OpenCV  4.9.0-dev
Open Source Computer Vision
No Matches
Conversion of PyTorch Segmentation Models and Launch with OpenCV


In this tutorial you will learn how to:

  • convert PyTorch segmentation models
  • run converted PyTorch model with OpenCV
  • obtain an evaluation of the PyTorch and OpenCV DNN models

We will explore the above-listed points by the example of the FCN ResNet-50 architecture.


The key points involved in the transition pipeline of the PyTorch classification and segmentation models with OpenCV API are equal. The first step is model transferring into ONNX format with PyTorch torch.onnx.export built-in function. Further the obtained .onnx model is passed into cv.dnn.readNetFromONNX, which returns cv.dnn.Net object ready for DNN manipulations.


In this part we are going to cover the following points:

  1. create a segmentation model conversion pipeline and provide the inference
  2. evaluate and test segmentation models

If you'd like merely to run evaluation or test model pipelines, the "Model Conversion Pipeline" part can be skipped.

Model Conversion Pipeline

The code in this subchapter is located in the dnn_model_runner module and can be executed with the line:

python -m dnn_model_runner.dnn_conversion.pytorch.segmentation.py_to_py_fcnresnet50

The following code contains the description of the below-listed steps:

  1. instantiate PyTorch model
  2. convert PyTorch model into .onnx
  3. read the transferred network with OpenCV API
  4. prepare input data
  5. provide inference
  6. get colored masks from predictions
  7. visualize results
# initialize PyTorch FCN ResNet-50 model
original_model = models.segmentation.fcn_resnet50(pretrained=True)
# get the path to the converted into ONNX PyTorch model
full_model_path = get_pytorch_onnx_model(original_model)
# read converted .onnx model with OpenCV API
opencv_net = cv2.dnn.readNetFromONNX(full_model_path)
print("OpenCV model was successfully read. Layer IDs: \n", opencv_net.getLayerNames())
# get preprocessed image
img, input_img = get_processed_imgs("test_data/sem_segm/2007_000033.jpg")
# obtain OpenCV DNN predictions
opencv_prediction = get_opencv_dnn_prediction(opencv_net, input_img)
# obtain original PyTorch ResNet50 predictions
pytorch_prediction = get_pytorch_dnn_prediction(original_model, input_img)
pascal_voc_classes, pascal_voc_colors = read_colors_info("test_data/sem_segm/pascal-classes.txt")
# obtain colored segmentation masks
opencv_colored_mask = get_colored_mask(img.shape, opencv_prediction, pascal_voc_colors)
pytorch_colored_mask = get_colored_mask(img.shape, pytorch_prediction, pascal_voc_colors)
# obtain palette of PASCAL VOC colors
color_legend = get_legend(pascal_voc_classes, pascal_voc_colors)
cv2.imshow('PyTorch Colored Mask', pytorch_colored_mask)
cv2.imshow('OpenCV DNN Colored Mask', opencv_colored_mask)
cv2.imshow('Color Legend', color_legend)

To provide the model inference we will use the below picture from the PASCAL VOC validation dataset:


The target segmented result is:

PASCAL VOC ground truth

For the PASCAL VOC colors decoding and its mapping with the predicted masks, we also need pascal-classes.txt file, which contains the full list of the PASCAL VOC classes and corresponding colors.

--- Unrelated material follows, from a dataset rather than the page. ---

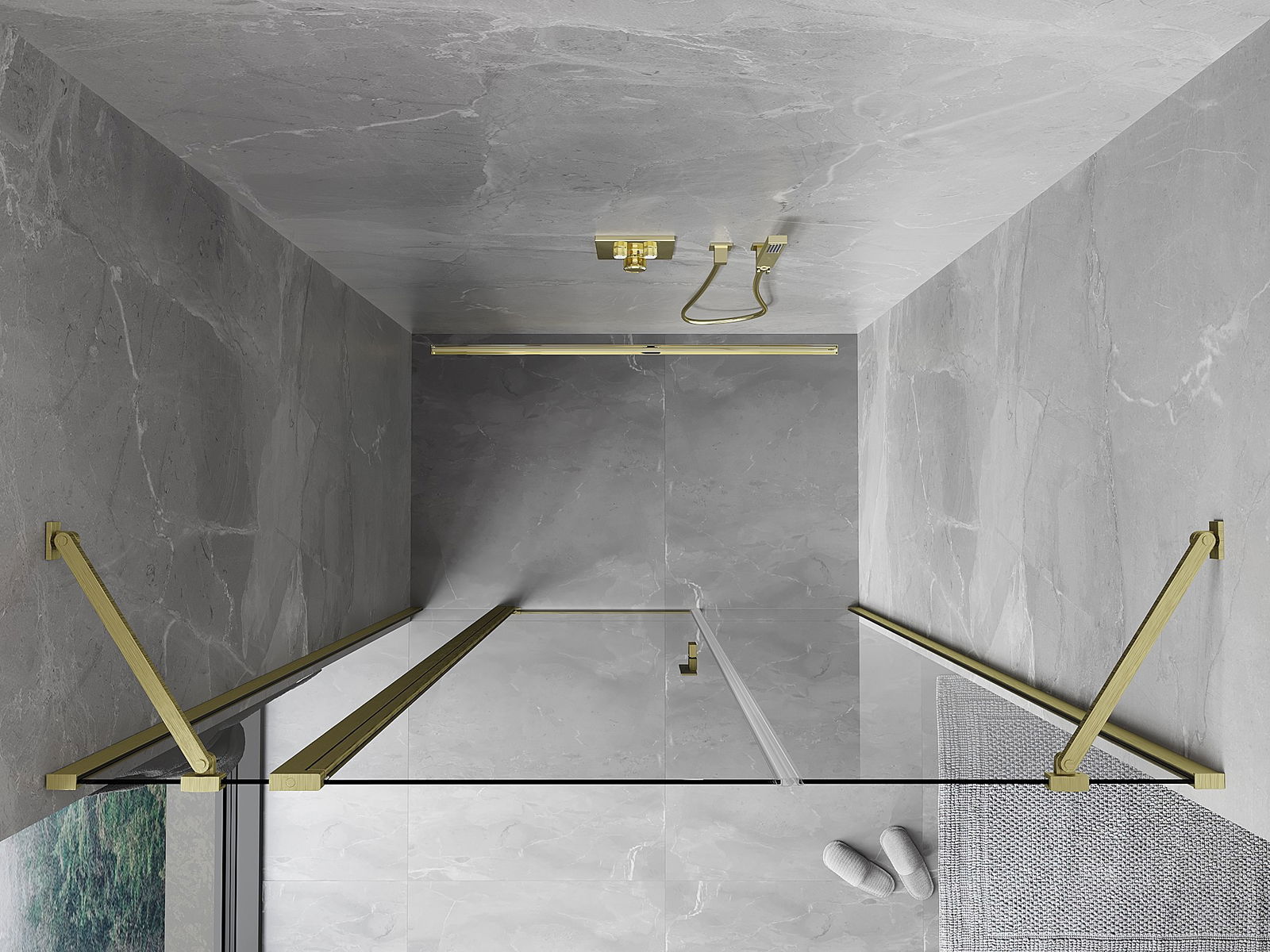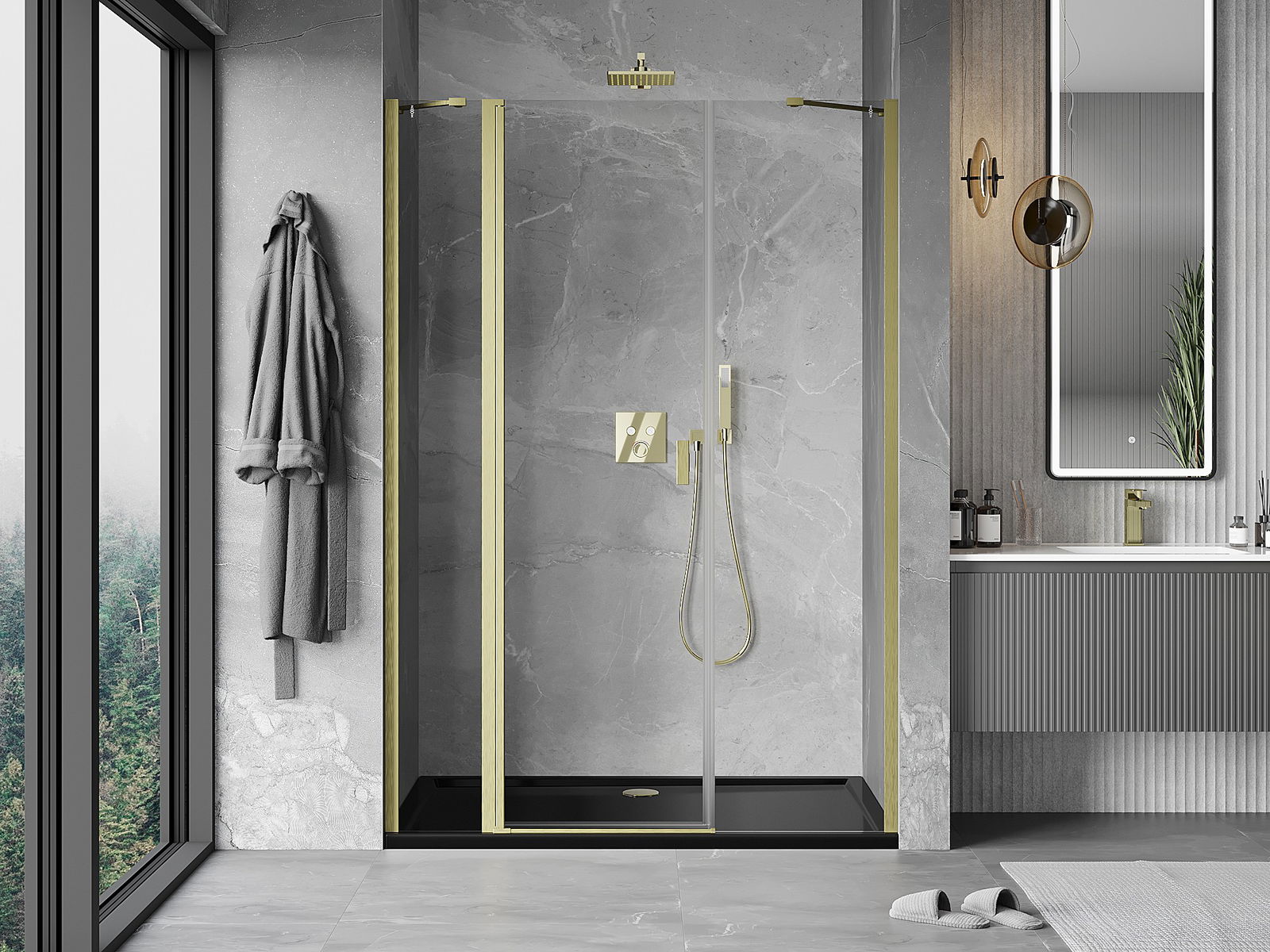 Mexen Mist 145 cm-es nyíló zuhanyajtó, átlátszó, arany kefe - 8A4-145-001-55-00
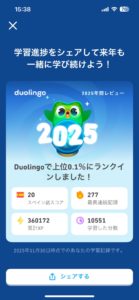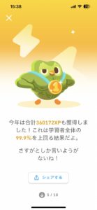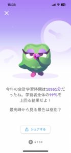 今年の2月末からDuolingoを始めましたが、こんな通知が来ました。

Let's go deeper into each code step by the example of pretrained PyTorch FCN ResNet-50:

  • instantiate PyTorch FCN ResNet-50 model:
# initialize PyTorch FCN ResNet-50 model
original_model = models.segmentation.fcn_resnet50(pretrained=True)
  • convert PyTorch model into ONNX format:
# define the directory for further converted model save
onnx_model_path = "models"
# define the name of further converted model
onnx_model_name = "fcnresnet50.onnx"
# create directory for further converted model
os.makedirs(onnx_model_path, exist_ok=True)
# get full path to the converted model
full_model_path = os.path.join(onnx_model_path, onnx_model_name)
# generate model input to build the graph
generated_input = Variable(
torch.randn(1, 3, 500, 500)
# model export into ONNX format

The code from this step does not differ from the classification conversion case. Thus, after the successful execution of the above code, we will get models/fcnresnet50.onnx.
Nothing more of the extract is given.